+++ DATA PROVIDED

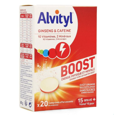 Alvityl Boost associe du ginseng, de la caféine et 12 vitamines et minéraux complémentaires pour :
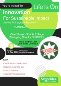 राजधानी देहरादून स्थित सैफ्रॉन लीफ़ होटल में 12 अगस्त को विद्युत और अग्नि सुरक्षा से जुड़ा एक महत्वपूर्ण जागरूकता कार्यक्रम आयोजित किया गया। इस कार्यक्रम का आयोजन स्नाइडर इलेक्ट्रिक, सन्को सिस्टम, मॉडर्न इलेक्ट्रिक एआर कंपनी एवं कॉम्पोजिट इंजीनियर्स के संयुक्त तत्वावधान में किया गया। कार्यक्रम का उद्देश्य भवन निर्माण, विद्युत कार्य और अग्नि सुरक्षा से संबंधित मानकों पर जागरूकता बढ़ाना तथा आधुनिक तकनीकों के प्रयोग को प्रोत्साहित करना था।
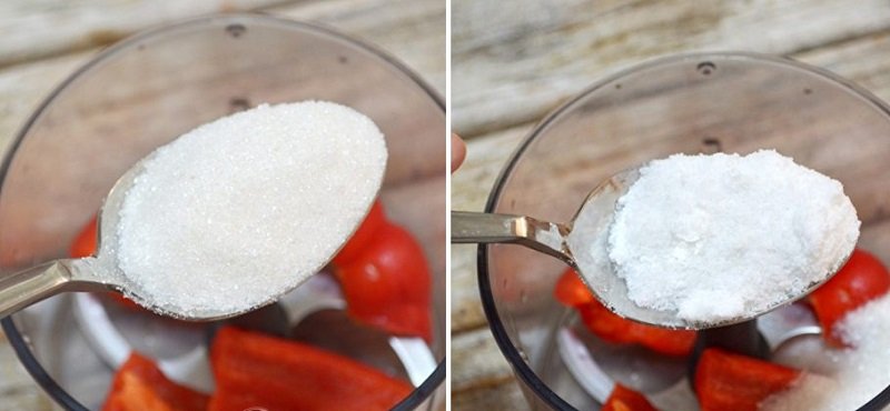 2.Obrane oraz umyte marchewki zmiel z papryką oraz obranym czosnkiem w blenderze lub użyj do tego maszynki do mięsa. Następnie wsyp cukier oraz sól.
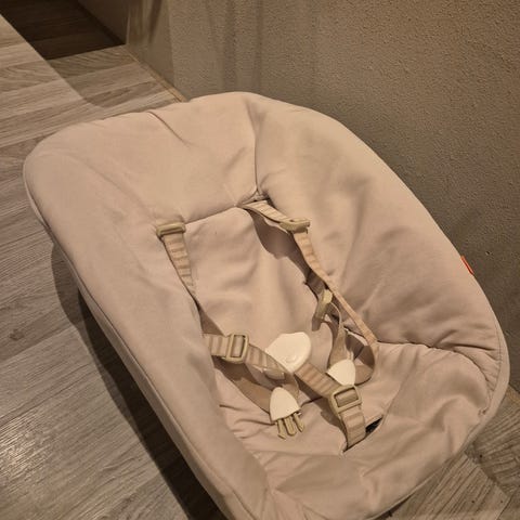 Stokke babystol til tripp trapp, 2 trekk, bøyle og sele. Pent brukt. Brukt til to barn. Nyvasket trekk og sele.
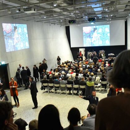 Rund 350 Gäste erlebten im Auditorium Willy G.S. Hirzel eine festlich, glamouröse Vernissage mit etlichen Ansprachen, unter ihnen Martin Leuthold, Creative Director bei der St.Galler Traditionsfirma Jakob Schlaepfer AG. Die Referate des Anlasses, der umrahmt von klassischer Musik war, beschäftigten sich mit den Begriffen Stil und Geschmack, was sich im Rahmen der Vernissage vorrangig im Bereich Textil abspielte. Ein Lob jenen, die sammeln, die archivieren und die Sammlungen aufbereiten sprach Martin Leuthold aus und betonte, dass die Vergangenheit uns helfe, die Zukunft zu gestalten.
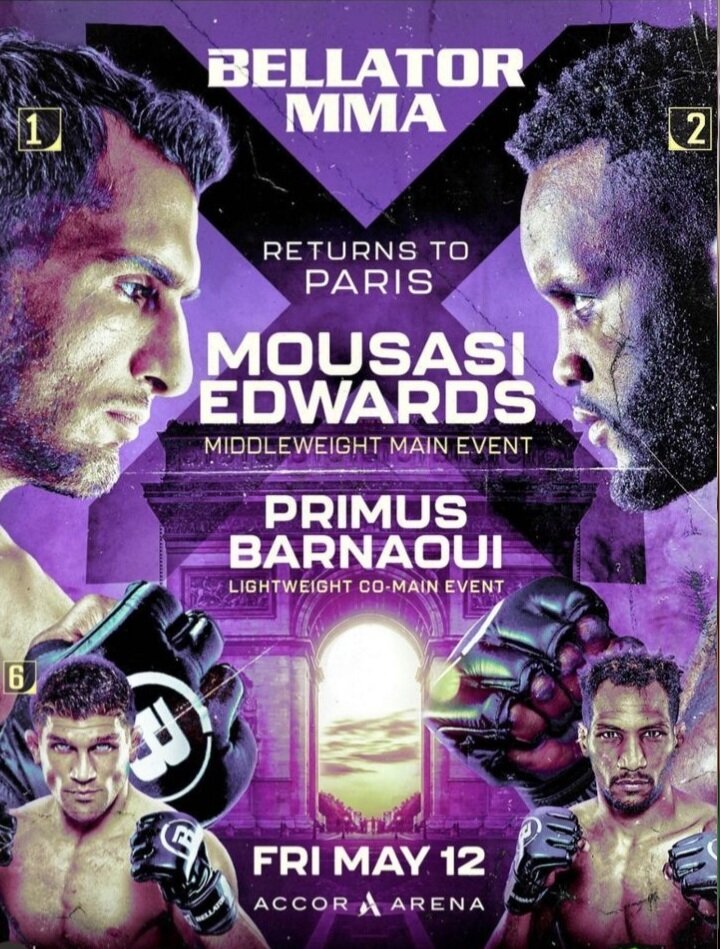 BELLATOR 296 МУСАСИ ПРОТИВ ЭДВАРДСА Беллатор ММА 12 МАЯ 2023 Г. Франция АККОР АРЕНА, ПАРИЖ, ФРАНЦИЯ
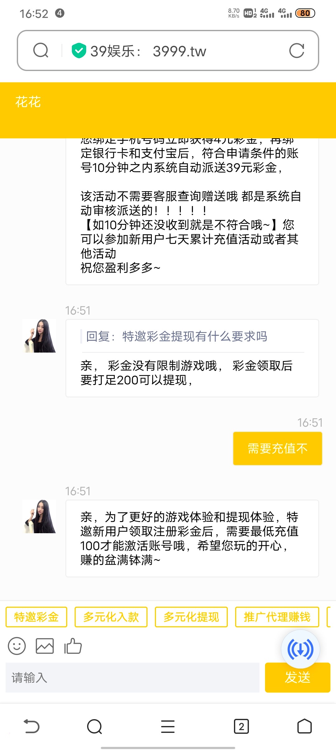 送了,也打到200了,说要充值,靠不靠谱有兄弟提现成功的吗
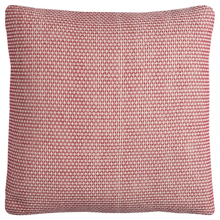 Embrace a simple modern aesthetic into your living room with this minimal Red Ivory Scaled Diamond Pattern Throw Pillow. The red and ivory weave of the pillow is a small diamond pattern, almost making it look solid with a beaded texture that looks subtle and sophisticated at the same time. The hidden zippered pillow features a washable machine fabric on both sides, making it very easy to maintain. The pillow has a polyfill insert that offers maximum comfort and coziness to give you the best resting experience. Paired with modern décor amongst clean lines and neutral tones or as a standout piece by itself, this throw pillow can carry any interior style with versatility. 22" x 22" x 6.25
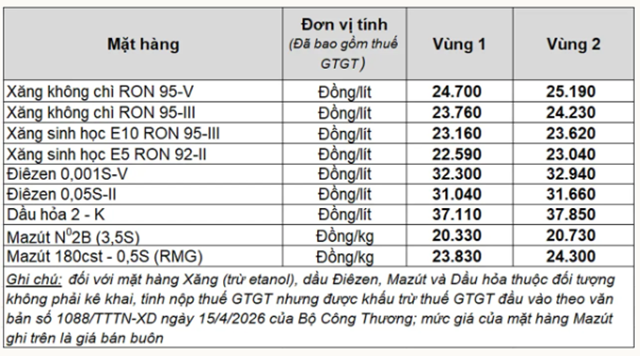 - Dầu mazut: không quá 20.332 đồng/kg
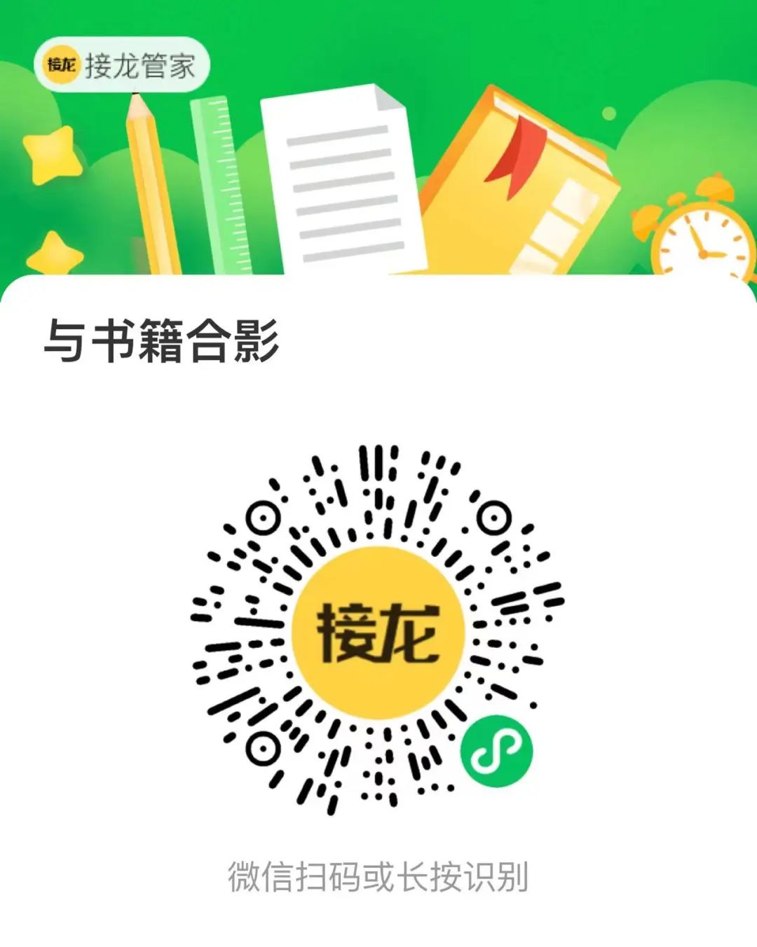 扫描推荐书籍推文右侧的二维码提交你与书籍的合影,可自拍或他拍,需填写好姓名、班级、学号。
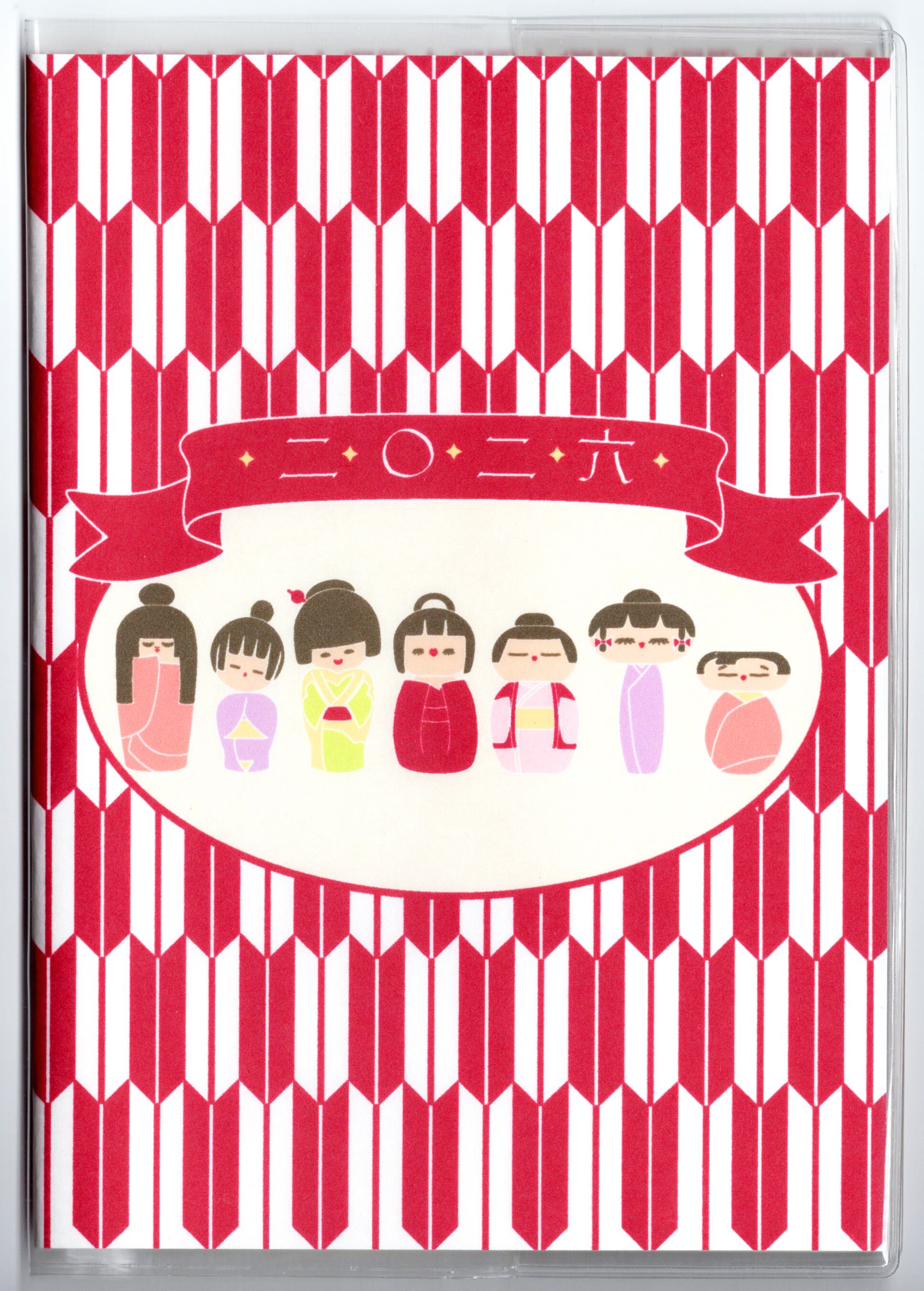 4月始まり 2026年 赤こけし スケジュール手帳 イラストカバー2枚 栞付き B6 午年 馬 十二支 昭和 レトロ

++++++

- [YOUR INSTRUCTIONS]: Drop the pictures and reproduce the rest of the data exactly.

- [ANSWER TO THIS TASK]:
 Alvityl Boost associe du ginseng, de la caféine et 12 vitamines et minéraux complémentaires pour :
 राजधानी देहरादून स्थित सैफ्रॉन लीफ़ होटल में 12 अगस्त को विद्युत और अग्नि सुरक्षा से जुड़ा एक महत्वपूर्ण जागरूकता कार्यक्रम आयोजित किया गया। इस कार्यक्रम का आयोजन स्नाइडर इलेक्ट्रिक, सन्को सिस्टम, मॉडर्न इलेक्ट्रिक एआर कंपनी एवं कॉम्पोजिट इंजीनियर्स के संयुक्त तत्वावधान में किया गया। कार्यक्रम का उद्देश्य भवन निर्माण, विद्युत कार्य और अग्नि सुरक्षा से संबंधित मानकों पर जागरूकता बढ़ाना तथा आधुनिक तकनीकों के प्रयोग को प्रोत्साहित करना था।
 2.Obrane oraz umyte marchewki zmiel z papryką oraz obranym czosnkiem w blenderze lub użyj do tego maszynki do mięsa. Następnie wsyp cukier oraz sól.
 Stokke babystol til tripp trapp, 2 trekk, bøyle og sele. Pent brukt. Brukt til to barn. Nyvasket trekk og sele.
 Rund 350 Gäste erlebten im Auditorium Willy G.S. Hirzel eine festlich, glamouröse Vernissage mit etlichen Ansprachen, unter ihnen Martin Leuthold, Creative Director bei der St.Galler Traditionsfirma Jakob Schlaepfer AG. Die Referate des Anlasses, der umrahmt von klassischer Musik war, beschäftigten sich mit den Begriffen Stil und Geschmack, was sich im Rahmen der Vernissage vorrangig im Bereich Textil abspielte. Ein Lob jenen, die sammeln, die archivieren und die Sammlungen aufbereiten sprach Martin Leuthold aus und betonte, dass die Vergangenheit uns helfe, die Zukunft zu gestalten.
 BELLATOR 296 МУСАСИ ПРОТИВ ЭДВАРДСА Беллатор ММА 12 МАЯ 2023 Г. Франция АККОР АРЕНА, ПАРИЖ, ФРАНЦИЯ
 送了,也打到200了,说要充值,靠不靠谱有兄弟提现成功的吗
 Embrace a simple modern aesthetic into your living room with this minimal Red Ivory Scaled Diamond Pattern Throw Pillow. The red and ivory weave of the pillow is a small diamond pattern, almost making it look solid with a beaded texture that looks subtle and sophisticated at the same time. The hidden zippered pillow features a washable machine fabric on both sides, making it very easy to maintain. The pillow has a polyfill insert that offers maximum comfort and coziness to give you the best resting experience. Paired with modern décor amongst clean lines and neutral tones or as a standout piece by itself, this throw pillow can carry any interior style with versatility. 22" x 22" x 6.25
 - Dầu mazut: không quá 20.332 đồng/kg
 扫描推荐书籍推文右侧的二维码提交你与书籍的合影,可自拍或他拍,需填写好姓名、班级、学号。
 4月始まり 2026年 赤こけし スケジュール手帳 イラストカバー2枚 栞付き B6 午年 馬 十二支 昭和 レトロ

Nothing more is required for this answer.